A viral Twitter thread is sparking conversation about the difficulties women face when seeking a diagnosis and treatment for their chronic illnesses.
In a tweet, writer Suzannah Weiss asked women how long and how many doctors it took them to get diagnosed. She listed her own experience with 17 different doctors she sought care from over an 11-month period, and “wrote down what each did to show what [patients] go through just to begin to heal.”

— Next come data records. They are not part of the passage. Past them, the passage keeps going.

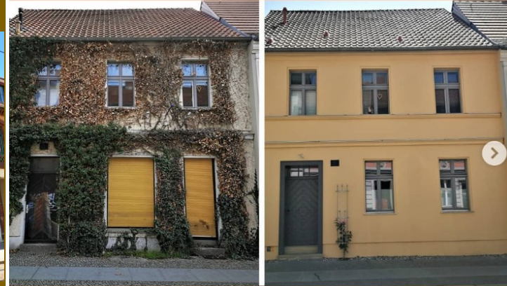
Plauer Straße 9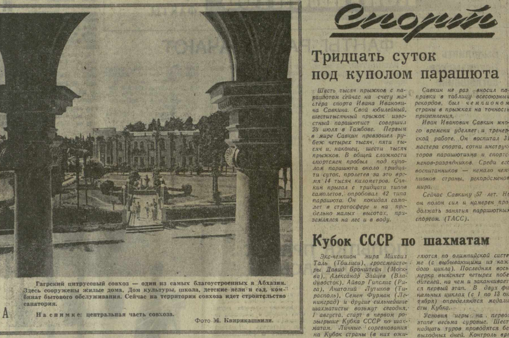
Гатский пилотажный свхоз — один из самых благоустроенных в Абхазии. Здесь сооружены жилые дома, Дом культуры, школа, детские ясли и сад...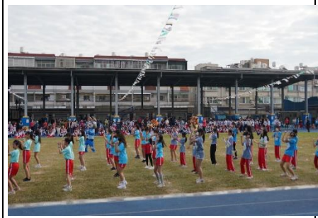
說明：校慶嘉年華前健康操練習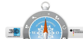
Sicherheitskompass für mehr Internet-Sicherheit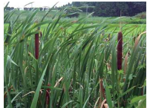
ほ なかま 穂をつけたガマの仲間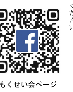
もくせい会ページ

第47回熊本県高校総体 様々な部活動で輝かしい成果 今年も本校生徒が熊本県高校総体において輝かしい成績を残してくれました。 県内各地で開催された第四七回熊本県高等学校総合体育大会において、男女併せて十七の部活動が出場しました。 拳法部は男子団体三連覇、女子団体初優勝を成し遂げる事ができ、男女とも個人・団体両方で全国高等学校日本拳法選手権大会に出場しました。 フェンシング部では男子団体が二年ぶり十三回 目の優勝、女子団体が二年連続十回目の優勝をし、個人戦では男女併せて五種目五名の生徒が南部九州で開催されたインターハイに出場しました。 馬術部では残念ながら個人競技での出場は叶いませんでしたが、団体として、全日本高等学校馬術競技大会に出場することができました。 惜しくも上位には入賞できませんでしたが、多くの生徒たちが精一杯頑張っていました！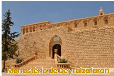
Monastério de Deyrulzafaran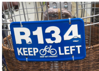
ミニボックスデザイン

湘南茅ヶ崎発の可愛いKEEP LEFT PLATE！自転車の左側通行を推薦するおしゃれなアルミ製オリジナルプレート。自転車のかごやサドルの下につけるほかインテリアとしても人気！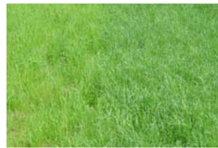
Auch bei Grünland ist der CULTAN-Effekt selbst bei Trockenheit nach kurzer Zeit leicht zu erkennen: links keine N-Düngung, rechts Brinamon ca. 40 kgN/ha (Juni 07, Rickenbach-Attikon ZH).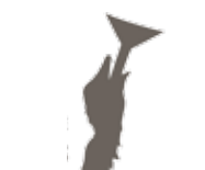
PHASE DE GAVAGE 12-14 jours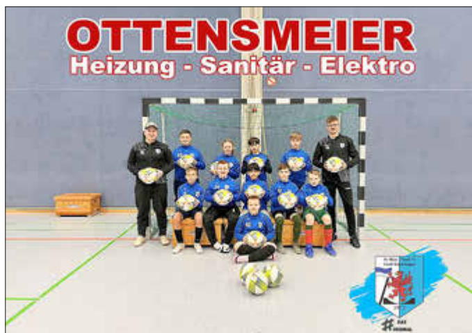
D-Jugend mit neuen Trainingsbällen von der Fa. Ottensmeier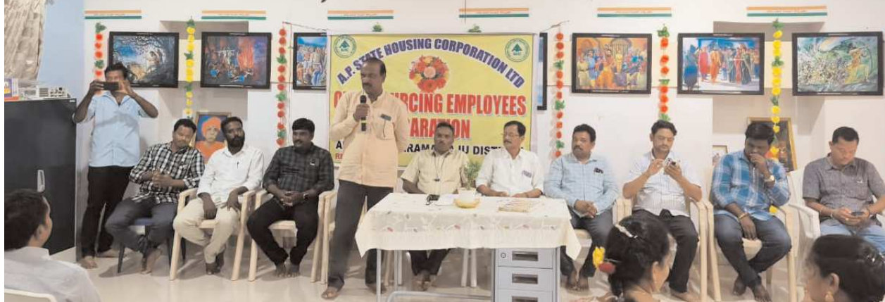
కొయ్యూరు, పెన్ పవర్ జూలై 13

గృహనిర్మాణశాఖ కాంట్రాక్ట్ ఉద్యోగులు ప్రభుత్వానికి విజ్ఞప్తి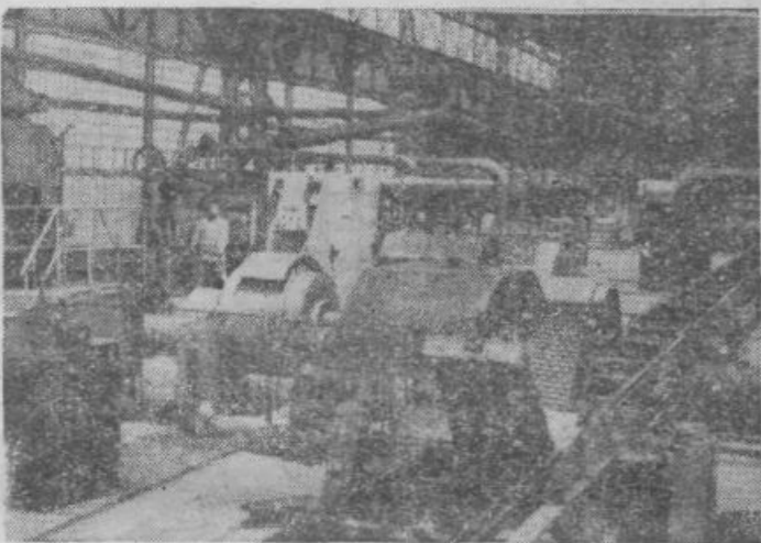
Ena izmed dvoran tovarne »Ivo Lola Ribar«

Mislím, da bi bila najbolj realna rešitev proizvodnja opreme za domačo industrijo. Zal pa tu (in ne samo mi) zadevamo za »kontakte z inozemstvom« za vsako turo?« »Je tudi to. Vsekakor menim, da bi bilo treba nekako raziskati motive tega nezaupanja v domačo opremo in nekaj ukreniti.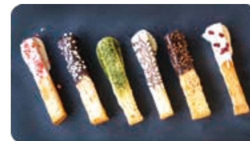
koeda ラスク 人気のプレーンラスクにチョコをトッピング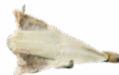
BACALAO CURADO 40/60 PESCAFINA 02011501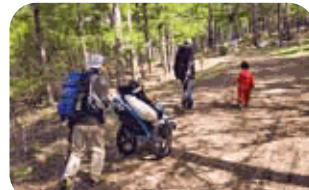
アウトドア用車椅子「HIPPO」 乗車体験

Weiss’ thread highlights how critical it is for medical professionals to take their patients seriously and trust they know their body best – regardless of gender identity, race, sexual orientation, or religion.
Throughout history, women have been diagnosed with “hysteria” or told their physical symptoms are due to mental illness. This false notion that women are “overreacting” or don’t understand their bodies has resulted in women not being believed or taken seriously. Sexism continues to be widely prevalent in medicine, with the National Pain Report reporting in 2014 that over 90 percent of women with chronic pain feel the health care system discriminates against female patients.
Weiss’ doctors’ responded to her health concerns differently, from brushing off her symptoms as a mental health issue; prescribing medications, treatments and lifestyle changes that were not just ineffective, but often harmful; to dismissing her symptoms entirely. For many women with chronic illness, these experiences sound painfully familiar.
“We get called hypochondriacs when what we really are is empowered & determined to love & care for ourselves,” Weiss wrote.
Other women were quick to chime in on Twitter and share their own stories of struggling to obtain a diagnosis.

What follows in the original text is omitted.